While watching an YouTube video of an old Keith Green concert, I liked Keith’s comment, “What is neat about finger prints is far away they all look alike; you get up close they are all different.”

That is what I like about the five fold in believers of Jesus:  From a distance, each believer looks the same, but when you get up close and personal you find out that they have different passions, different points of view, a creative uniqueness only the Creator himself could have created in them.  Individually there is a difference, a uniqueness, but if broken, if hungry, if willing to listen to the Holy Spirit then be obedient to his revelation, if willing to die to self, and if willing to lay down his life for his brethren through service, there can be a drawing together of the saints in unity to appear to be the same.  All one sees is Jesus!  Wow, to look at a distant, then to look under a microscope all one sees is Jesus: that is the goal of Ephesians 4 for both the individual believer in Jesus Christ as well corporately as the Body of Jesus Christ, the Church!

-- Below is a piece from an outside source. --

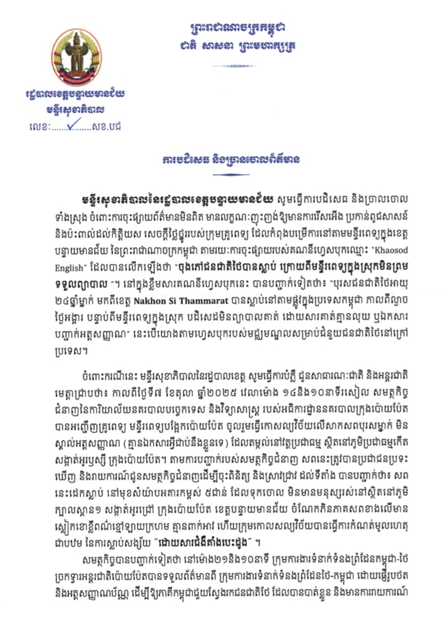 ในกรณีนี้ สำนักงานสาธารณสุขจังหวัดขอแจ้งให้สาธารณชนทั้งในประเทศและต่างประเทศทราบว่า เมื่อวันที่ 7 ตุลาคม 2568 เวลา 14.10 น. เจ้าหน้าที่และผู้เชี่ยวชาญจากสำนักงานตำรวจเทคนิคและวิทยาศาสตร์ กองบัญชาการตำรวจปอยเปต ได้เชิญแพทย์จากโรงพยาบาลส่งต่อปอยเปตเข้าร่วมการชันสูตรพลิกศพชายนิรนาม (ไม่มีเอกสารแนบ) ซึ่งถูกฝังอยู่ที่วัดพระธาตุธรรมาราม บ้านพระธาตุธรรมาราม สังกัท โอรสเสวี เมืองปอยเปต เจ้าหน้าที่ ระบุว่าประชาชนพบศพและรายงานให้เจ้าหน้าที่ตรวจสอบและสอบสวน สถานที่เกิดเหตุได้รับการยืนยันว่า ศพนอนเสียชีวิตอยู่หน้าหลังคาอาคาร 5 ชั้นที่ถูกทิ้งร้างและไม่มีใครอยู่อาศัย ในบ้านกบาลสะเปียน 1 สังกัท โอรสเสวี เมืองปอยเปต จังหวัดบันเตียเมียนเจย ศพสวมกางเกงขาสั้นสีดำมีแถบสีแดง และไม่สวมเสื้อ ทีมชันสูตรพลิกศพ ระบุว่าสาเหตุการเสียชีวิตเบื้องต้นคาดว่าเกิดจากอาการหัวใจวาย

The Holy Spirit is allowing itself in this age to be fingerprinted.  Every believer has the Holy Spirit with in themselves for the Bible says, “Do you not know that your body is the temple of the Holy Spirit?” But each believers fingerprint, although they have the same Holy Spirit, is an unique print by the Creator, Jesus.  Each believer houses “the fullness of Christ”, yet displays only parts of Him at a time: different points of view, different passions, differing gifting, different fruit, different manifestations, etc.  If each different finger print allows itself to serve other fingerprints that look different than their own, reach out to them, and accept them reaching out to yourself through a handshake, you can have unity in the spirit.  Throughout history, a hand shake signified the man’s word:  his word was his bond, sealed through a handshake.  Spiritually, the same it is true for the Word, the Logos Word and the Rhema living Word is still a man of God’s bond, sealed together in a corporate sense through the unity of the Body of Christ.  The Church’s fingerprint is the unity of all the individual fingerprints, all being the fingerprint of Jesus Christ.

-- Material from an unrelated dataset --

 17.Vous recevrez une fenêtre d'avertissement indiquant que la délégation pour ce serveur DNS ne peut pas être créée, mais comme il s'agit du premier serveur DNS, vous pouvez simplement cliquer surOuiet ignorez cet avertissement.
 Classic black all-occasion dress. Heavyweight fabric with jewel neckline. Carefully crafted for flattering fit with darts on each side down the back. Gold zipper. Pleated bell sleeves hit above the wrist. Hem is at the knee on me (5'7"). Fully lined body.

New technology also allows identification by putting one's eye up to a scanner which reads the individual pattern that makes up the back of one's eye.  Isn't it amazing that the print of what we see also defines us. Do we see the light of Jesus or just darkness.  Is that light implanted on the back of our spiritual eyes defining who we are in Jesus.  How we "see" Jesus (spiritual sight) and how we feel spiritually (touch) gives us our identity in Him.  As an English teacher I learned point of view is how we see or perceive something.  As believers we see Jesus differently, yet we see him the same.  Our diversity lies in our point of view, our sameness lies in the unity in Christ where he appears the same. We see Jesus differently, our different points of view, yet we see Him the same way, as a Church.  

Diversity is the Church’s strength for every believer’s prints either in their point of view, perception, or feeling in Jesus Christ is unique, yet corporately are the same!  Another mystery of the gospel!  Lets allow that diversity, reaching out for a handshake through service, one to another, and sealing that handshake as the bond of our word, the Word of God, bringing unity to the Body of Christ. 

Yes, the finger print of Ephesians 4 is upon us, embedded in each of us who are believers in Jesus Christ, and also the Church as a whole. If they fingerprint your life, would those fingerprints reveal Jesus?